SB2025091823 - Multiple vulnerabilities in cPanel EasyApache4
Published: September 18, 2025
Breakdown by Severity
- Low
- Medium
- High
- Critical
Description
This security bulletin contains information about 2 secuirty vulnerabilities.
1) Out-of-bounds read (CVE-ID: CVE-2025-53859)
The vulnerability allows a remote attacker to gain access to sensitive information.
The vulnerability exists due to a boundary condition in the ngx_mail_smtp_module. A remote attacker can force the server to leak arbitrary bytes sent in a request to the authentication server.
This issue happens during the NGINX SMTP authentication process and requires the attacker to make preparations against the target system to extract the leaked data.

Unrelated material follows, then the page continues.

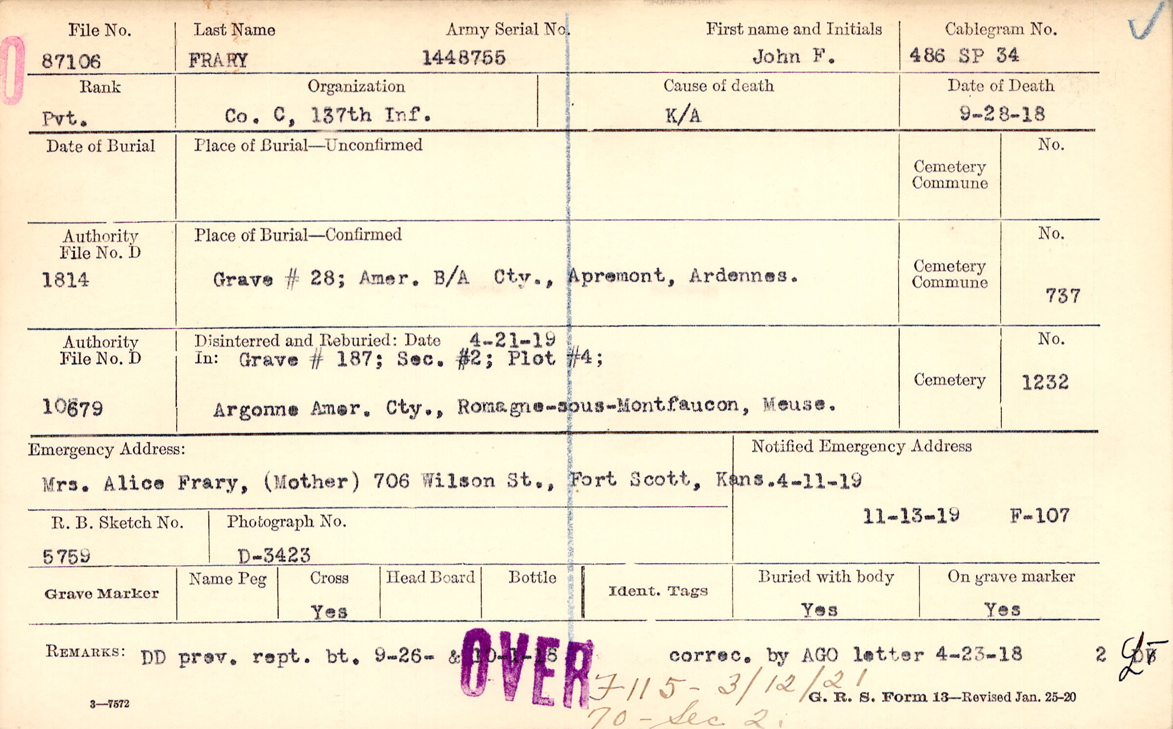 Mrs. Alice Frary, (Mother), 706 Wilson St., Fort Scott, Kans.

The issue affects NGINX only if (1) it is built with the ngx_mail_smtp_module, (2) the smtp_auth directive is configured with method "none," and (3) the authentication server returns the "Auth-Wait" response header.
2) Use of insufficiently random values (CVE-ID: CVE-2025-10148)
The vulnerability allows a remote attacker to perform cache poisoning.
The vulnerability exists due to the websocket code does not update the 32 bit mask pattern for each new outgoing frame as the specification says.Instead it used a fixed mask that persisted and was used throughout the entire connection. As a result, a malicious server can induce traffic between the two communicating parties that can be interpreted by an involved proxy and poison cached content.
Remediation
Install update from vendor's website.